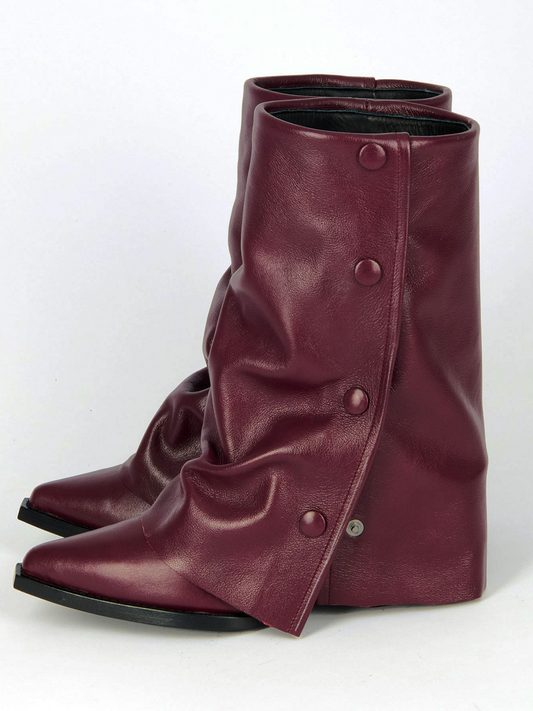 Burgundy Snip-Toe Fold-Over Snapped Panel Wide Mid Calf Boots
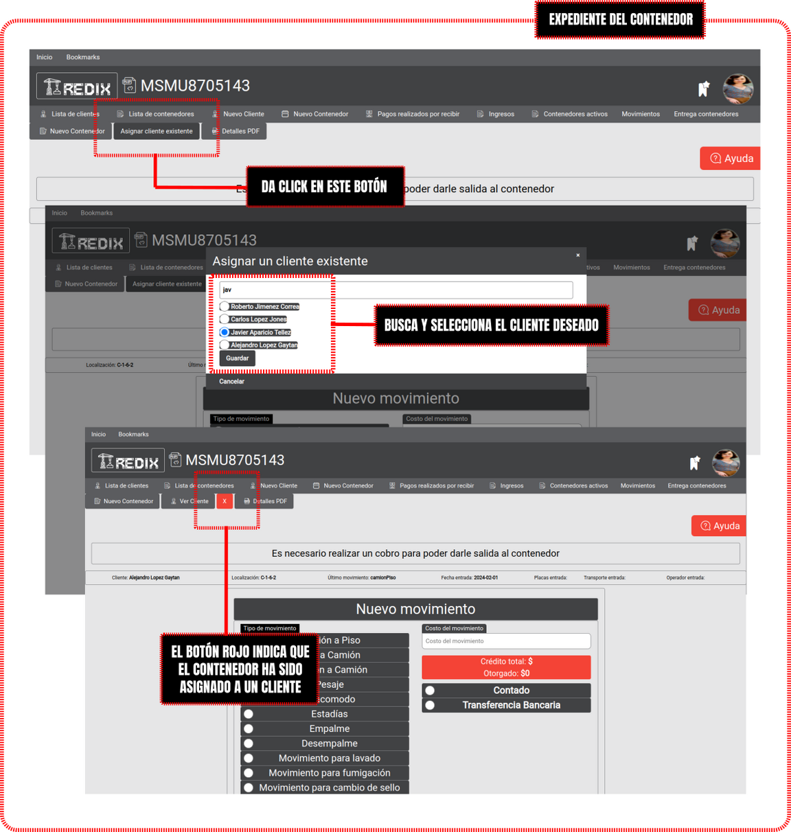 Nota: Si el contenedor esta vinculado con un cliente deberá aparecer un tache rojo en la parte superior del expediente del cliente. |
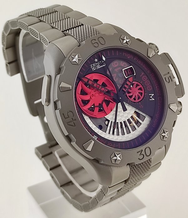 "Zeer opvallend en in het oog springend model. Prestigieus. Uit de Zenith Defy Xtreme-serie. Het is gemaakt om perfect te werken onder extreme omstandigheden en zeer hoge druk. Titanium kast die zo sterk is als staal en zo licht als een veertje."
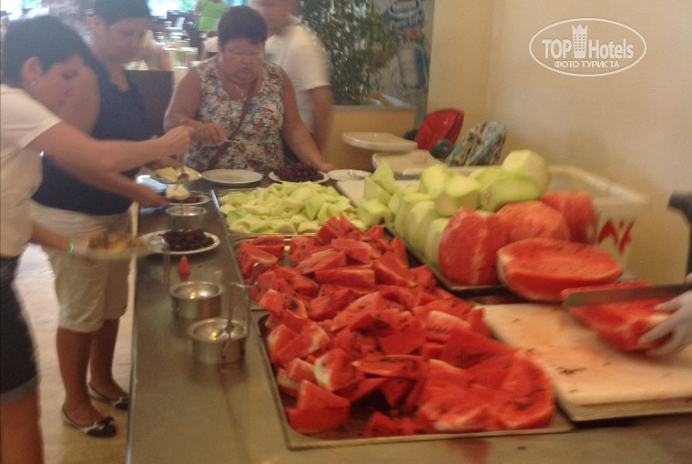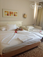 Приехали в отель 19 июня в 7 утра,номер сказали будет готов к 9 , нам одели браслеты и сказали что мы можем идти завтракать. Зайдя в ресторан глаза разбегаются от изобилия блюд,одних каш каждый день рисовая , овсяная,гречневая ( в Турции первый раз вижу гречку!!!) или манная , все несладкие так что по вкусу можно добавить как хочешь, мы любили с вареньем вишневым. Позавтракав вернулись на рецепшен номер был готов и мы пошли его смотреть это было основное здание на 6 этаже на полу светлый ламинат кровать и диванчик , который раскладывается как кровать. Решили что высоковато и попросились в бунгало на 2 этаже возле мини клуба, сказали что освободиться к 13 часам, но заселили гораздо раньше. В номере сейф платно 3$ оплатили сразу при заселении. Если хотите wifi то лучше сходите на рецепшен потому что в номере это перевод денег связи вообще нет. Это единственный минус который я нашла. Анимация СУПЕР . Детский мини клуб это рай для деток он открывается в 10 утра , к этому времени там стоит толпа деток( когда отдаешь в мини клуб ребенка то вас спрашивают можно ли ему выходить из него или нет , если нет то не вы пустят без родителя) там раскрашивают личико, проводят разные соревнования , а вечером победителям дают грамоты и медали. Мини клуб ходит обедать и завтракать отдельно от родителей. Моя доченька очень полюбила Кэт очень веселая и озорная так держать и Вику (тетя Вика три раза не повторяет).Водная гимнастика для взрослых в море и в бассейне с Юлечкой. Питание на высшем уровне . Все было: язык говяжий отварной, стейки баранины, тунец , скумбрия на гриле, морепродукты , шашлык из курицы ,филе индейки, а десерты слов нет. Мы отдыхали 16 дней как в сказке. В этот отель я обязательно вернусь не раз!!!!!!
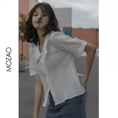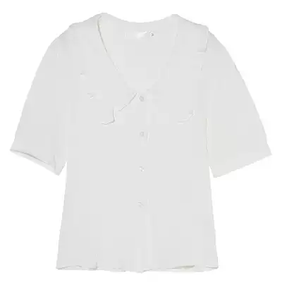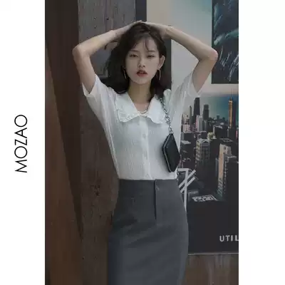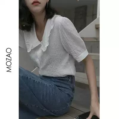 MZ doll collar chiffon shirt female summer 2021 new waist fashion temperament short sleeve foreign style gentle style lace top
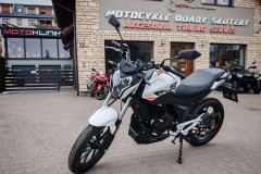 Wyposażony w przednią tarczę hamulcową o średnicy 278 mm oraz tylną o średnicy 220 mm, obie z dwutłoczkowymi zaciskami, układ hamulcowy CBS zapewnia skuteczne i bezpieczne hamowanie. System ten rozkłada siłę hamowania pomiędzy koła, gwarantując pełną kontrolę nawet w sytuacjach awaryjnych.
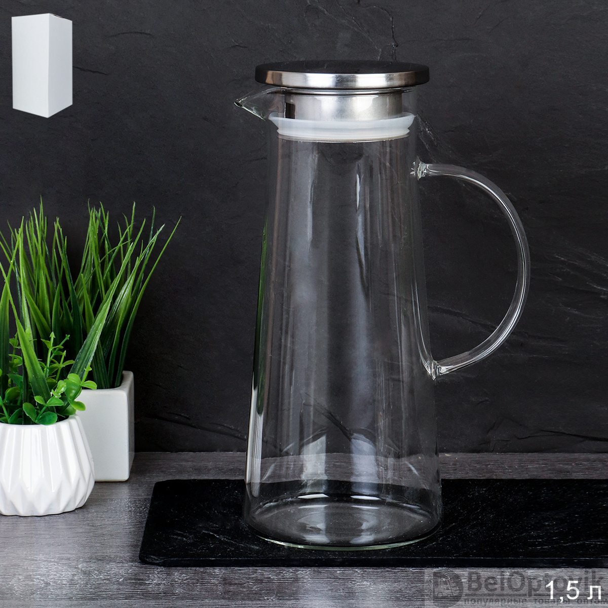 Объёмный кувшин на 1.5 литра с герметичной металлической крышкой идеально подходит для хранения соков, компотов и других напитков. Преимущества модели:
· · · ·
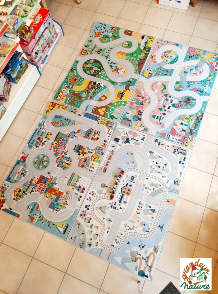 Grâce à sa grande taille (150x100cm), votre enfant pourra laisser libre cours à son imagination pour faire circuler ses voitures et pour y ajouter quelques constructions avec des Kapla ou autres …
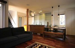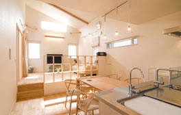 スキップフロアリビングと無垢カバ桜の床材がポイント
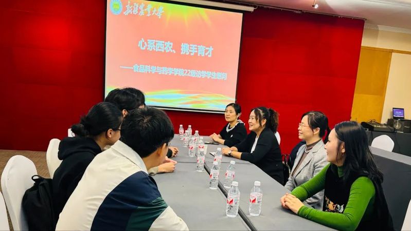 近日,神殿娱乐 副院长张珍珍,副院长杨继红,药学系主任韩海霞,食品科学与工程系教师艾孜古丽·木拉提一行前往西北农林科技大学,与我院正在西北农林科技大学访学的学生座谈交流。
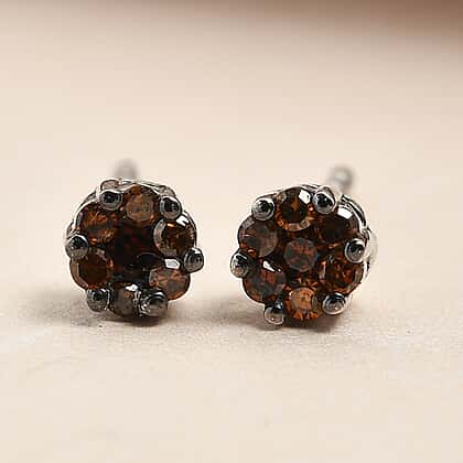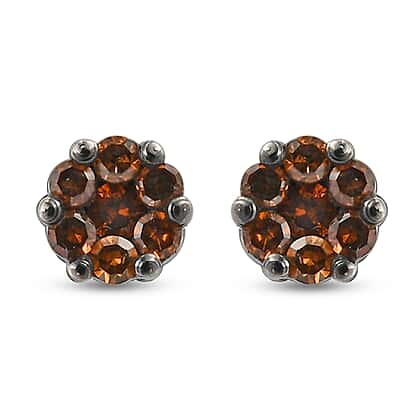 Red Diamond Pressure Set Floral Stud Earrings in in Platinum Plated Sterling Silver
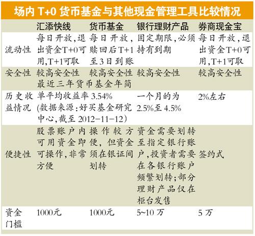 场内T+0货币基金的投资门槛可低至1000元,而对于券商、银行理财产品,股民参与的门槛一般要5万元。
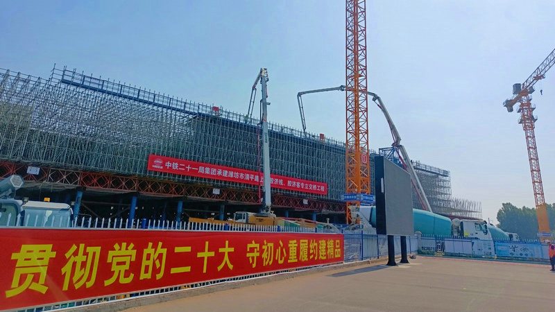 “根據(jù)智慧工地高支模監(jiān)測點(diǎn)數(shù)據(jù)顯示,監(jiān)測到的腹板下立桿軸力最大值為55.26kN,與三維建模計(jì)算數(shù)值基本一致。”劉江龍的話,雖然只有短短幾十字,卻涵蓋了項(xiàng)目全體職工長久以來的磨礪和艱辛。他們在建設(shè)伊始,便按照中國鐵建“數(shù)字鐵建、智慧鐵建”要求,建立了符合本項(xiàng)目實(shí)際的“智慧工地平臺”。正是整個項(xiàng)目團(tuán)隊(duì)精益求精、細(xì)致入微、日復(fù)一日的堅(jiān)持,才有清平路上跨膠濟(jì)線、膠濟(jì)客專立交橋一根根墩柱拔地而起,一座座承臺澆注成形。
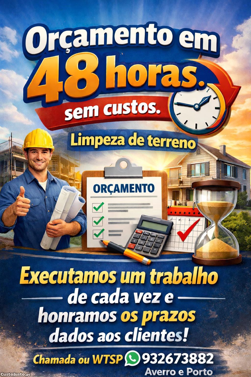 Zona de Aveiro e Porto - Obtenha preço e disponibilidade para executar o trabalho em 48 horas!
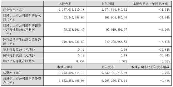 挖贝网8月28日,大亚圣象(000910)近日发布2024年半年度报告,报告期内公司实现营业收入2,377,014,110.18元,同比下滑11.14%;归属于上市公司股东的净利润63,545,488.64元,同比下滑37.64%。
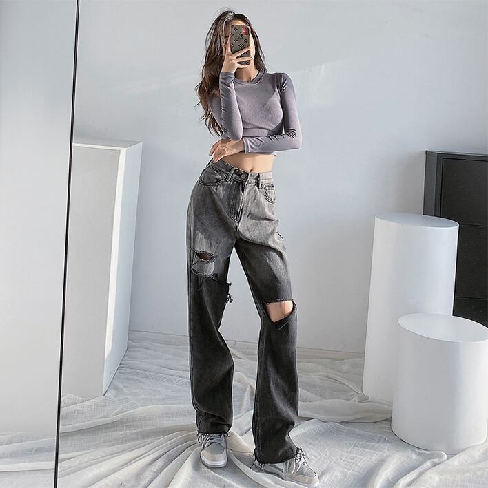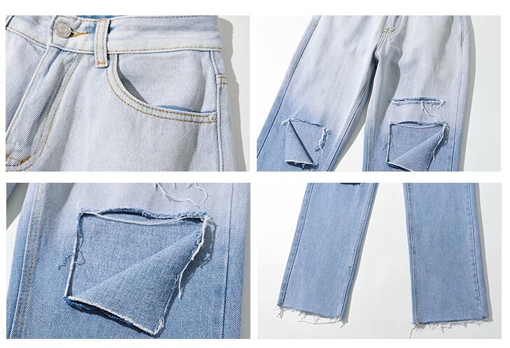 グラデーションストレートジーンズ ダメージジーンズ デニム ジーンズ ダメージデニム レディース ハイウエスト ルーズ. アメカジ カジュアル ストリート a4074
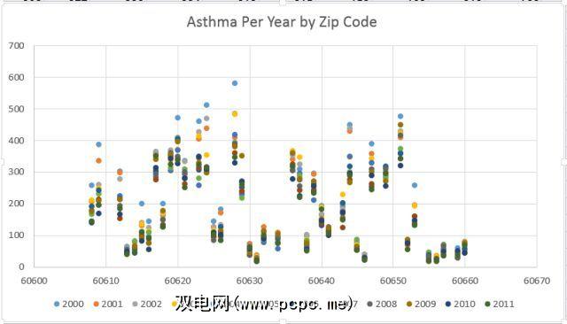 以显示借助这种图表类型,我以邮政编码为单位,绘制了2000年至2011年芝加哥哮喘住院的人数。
· · · ·
WHAT YOU ARE ASKED TO DO: Above are the records. Copy only the lines from the one with "Grâce à sa grande" through the one with "近日,神殿娱乐 副院长张珍珍", exactly, with no pictures.

RESULT:
 Grâce à sa grande taille (150x100cm), votre enfant pourra laisser libre cours à son imagination pour faire circuler ses voitures et pour y ajouter quelques constructions avec des Kapla ou autres …
 スキップフロアリビングと無垢カバ桜の床材がポイント
 近日,神殿娱乐 副院长张珍珍,副院长杨继红,药学系主任韩海霞,食品科学与工程系教师艾孜古丽·木拉提一行前往西北农林科技大学,与我院正在西北农林科技大学访学的学生座谈交流。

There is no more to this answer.